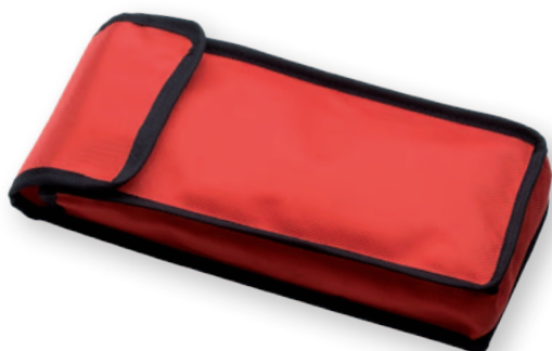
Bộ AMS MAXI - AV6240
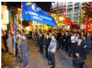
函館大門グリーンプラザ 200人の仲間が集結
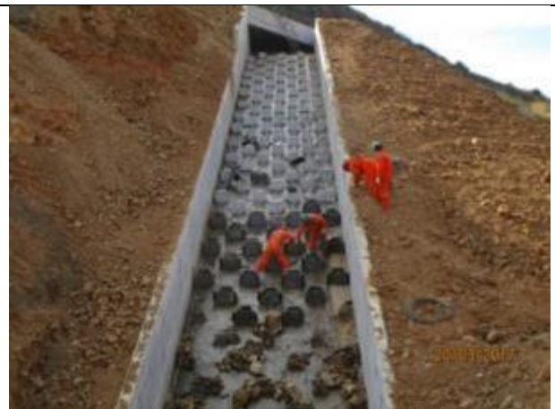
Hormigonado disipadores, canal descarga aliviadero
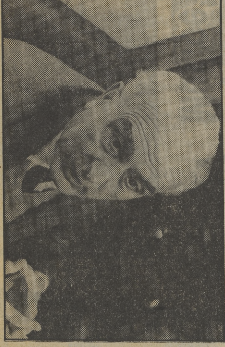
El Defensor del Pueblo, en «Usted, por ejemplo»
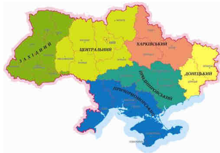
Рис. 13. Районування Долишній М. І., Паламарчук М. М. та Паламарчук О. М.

━━━━━━━━━━━━━━━━━━━━

# WHAT THE TASK ASKS
Beginning with the line that contains "函館大門グリーンプラザ 200人の仲間が集結", write out every line through the last one in the records, exactly and without pictures.

# TASK SOLUTION
函館大門グリーンプラザ 200人の仲間が集結
Hormigonado disipadores, canal descarga aliviadero
El Defensor del Pueblo, en «Usted, por ejemplo»
Рис. 13. Районування Долишній М. І., Паламарчук М. М. та Паламарчук О. М.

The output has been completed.